By the time he reached his l0th birthday, Miller IV had logged more than 100 open-water dives, and that year, he completed the Los Angeles County and NAUI Scuba Diver courses, although he was too young to be certified. During the summer of his 12th birthday, he was accepted and successfully completed a 40-hour US Divers equipment repair course. At age 18, he became the youngest person listed in Who's Who of Scuba Diving.
In SoCal diving circles, Miller IV was considered a top hunter and freediving spearfisher. When he turned 18, he was accepted for provisional membership in the Long Beach Neptunes Spearfishing Club, and then into full membership.
In his spare time, Miller IV designed, fabricated and sold custom-built teakwood spearguns. His guns had a custom-length balance bar measured to the user's arm length and a handle that was shaped from a mold of the owner's gloved hand in the shooting position. During college, he served on weekends as a deckhand on the dive charter boat Golden Doubloon.

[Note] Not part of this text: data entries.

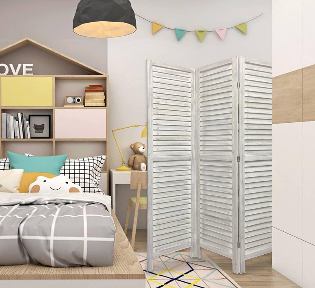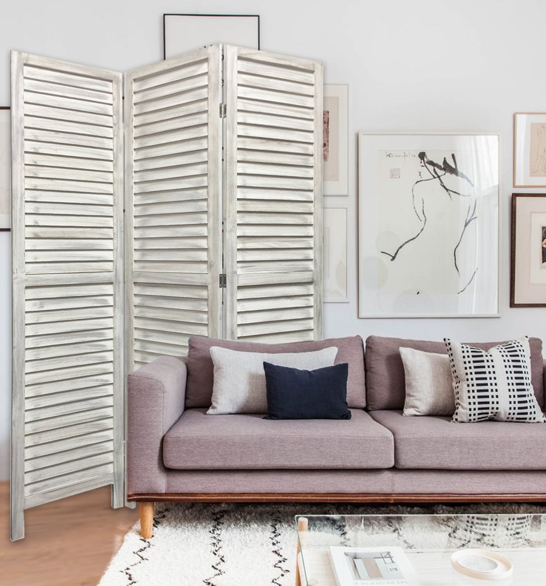 This is a 3 panel washed white shutter screen. The fitted slats allows gentle light filtering. This piece will give you style and design to any settings.
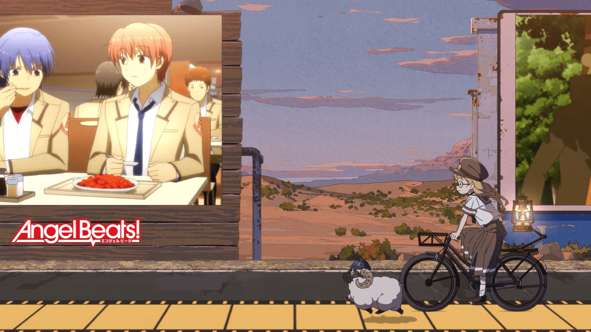 Elle représente une fille et ses moutons voyageant sur un chemin devant des écrans affichant des productions de P.A.Works, depuis des anime d’avant 2010 comme True Tears de 2008 (le premier du studio) et Canaan de 2009 jusqu’à Angel Beats de 2010, NagiAsu-A Lull de 2013. in the Sea-, et Skip and 2023 Mocassin.
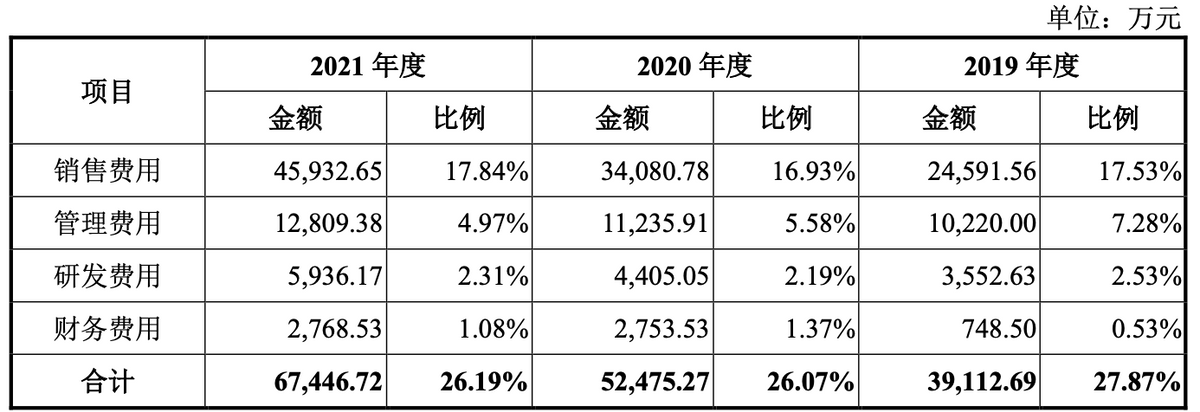 值得一提的是,乖宝宠物近三年来在销售方面的投入累计逾10亿元。2019年-2021年,乖宝宠物的销售费用分别为2.46亿元、3.41亿元和4.59亿元,占营业收入的比例分别为17.53%、16.93%和17.84%。其中,业务宣传费占据了三成地位。
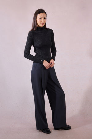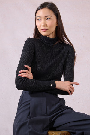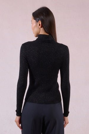 Add a pop of color to your wardrobe with this black slim-fit turtleneck crafted from a ribbed, iridescent knit that subtly shimmers in the light. Designed with long sleeves featuring rolled-up cuffs secured with a fancy button, it adds a touch of refined detail to a classic silhouette.
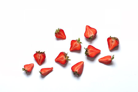 This minimalist image showcases freshly cut strawberries scattered artfully on a clean white surface, emphasizing their stunning color and form, evoking feelings of simplicity and freshness.
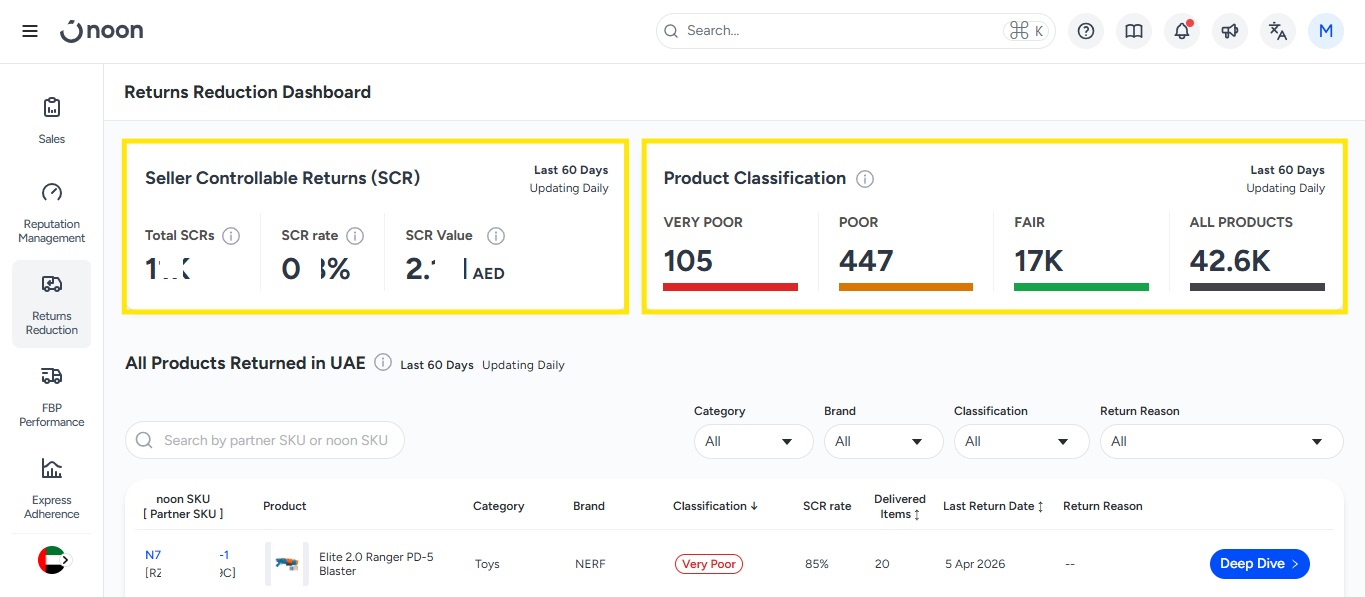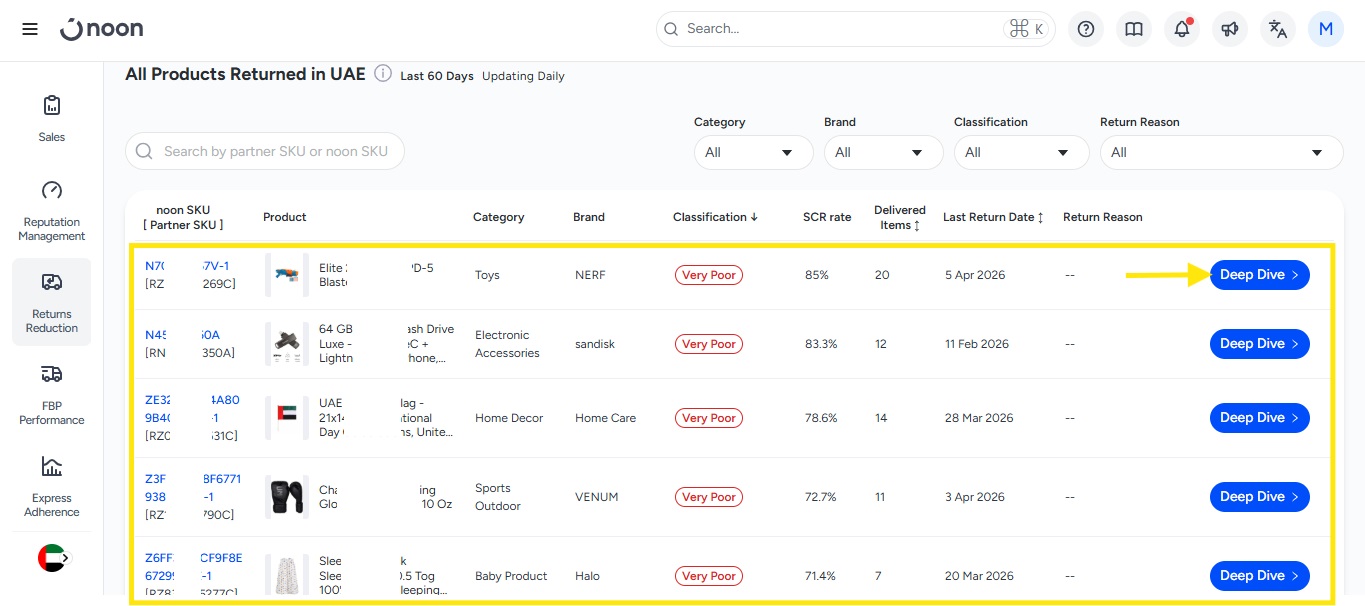 -The Return Reduction Dashboard offers you details about the performance of each SKU with metrics such as its SCR rate, the total number of deliveries, the primary return reason, and its classification as shown in the image below. You can also click on Deep Dive to get more details about the return.
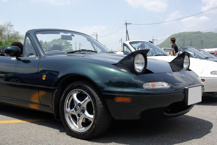 ところがユーノスロードスター(NA8)に乗ってた頃は、ロードスターとマツダを絡めたような声掛けをされる機会は少なかったように記憶しています。販売チャネルが多かったことも理由の一つなんでしょうけど、メーカーと車種を結び付けた会話はあまり耳にしませんでした。こちらからマツダの話題を出すと「それじゃひょっとしてロータリーエンジンが載ってるのかい?」って(^^;
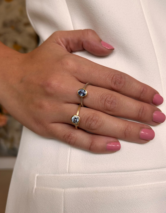 Denim Blue Sapphire and Diamond Asymmetric Ring
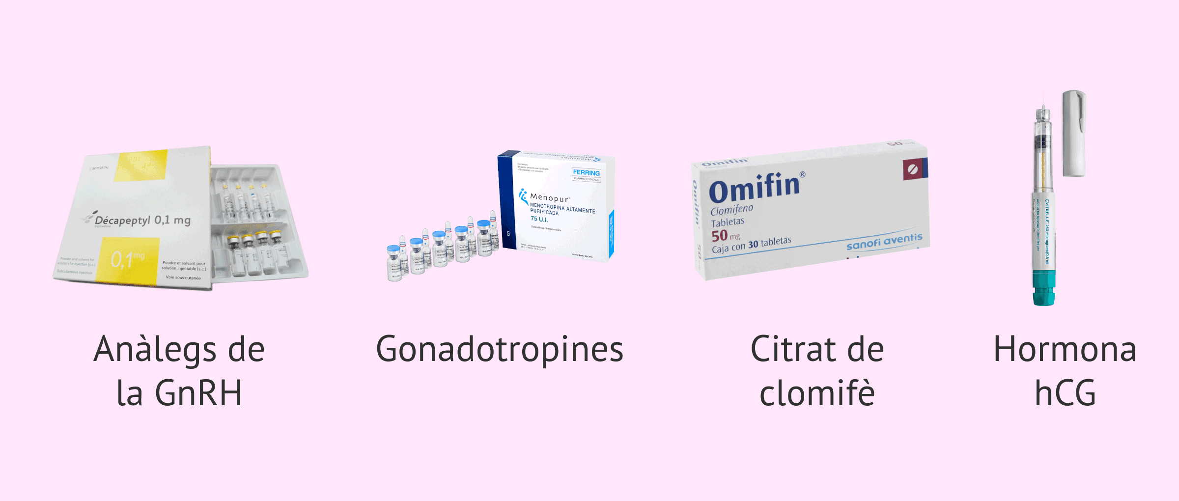 En l'actualitat, els medicaments més utilitzats per a l'estimulació ovàrica en la IA són els anàlegs de la GnRH (Decapeptyl), les gonadotropines (Menopur) i el citrat de clomifè (Omifin). En l'última fase del procés d'IA, previ a la inseminació, es procedeix a induir l'ovulació mitjançant l'hormona hCG. El fàrmac més habitual per a això és l'Ovitrelle.
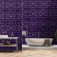 Update het uiterlijk van uw muren met behang. Dit getextureerde vinylbehang heeft een donkergrijze bladprint op een paarse achtergrond. Dit abstracte bladpatroon zal een aanvulling zijn op een modern huis of kantoor.

In 1991, Miller IV became a NAUI Instructor (NAUI 13227) and taught scuba at one of the Southern California dive shops. He won a scholarship to the Catalina Chamber course, completed their internship and became a qualified chamber technician. While waiting to enter medical school, he began technical mixed gas diving with his friend Jeff Bozanic, making deep technical dives on a regular basis off the California coast.
After completing medical school in Pomona, California, and an emergency room residency in Kingman, Arizona, he won a fellowship in hyperbaric diving medicine at University of San Diego Medical Center. At the end of the fellowship in 2008, he accepted a position at Marion Regional Medical Center in Santa Maria, California, where he is currently their director of ER/Hyperbaric Medicine.
Miller III summed up much of the feelings of him and his family: "The ocean provides bountiful gifts. It's a recreational area to protect for all present and future generations. Everybody should be able to enjoy it.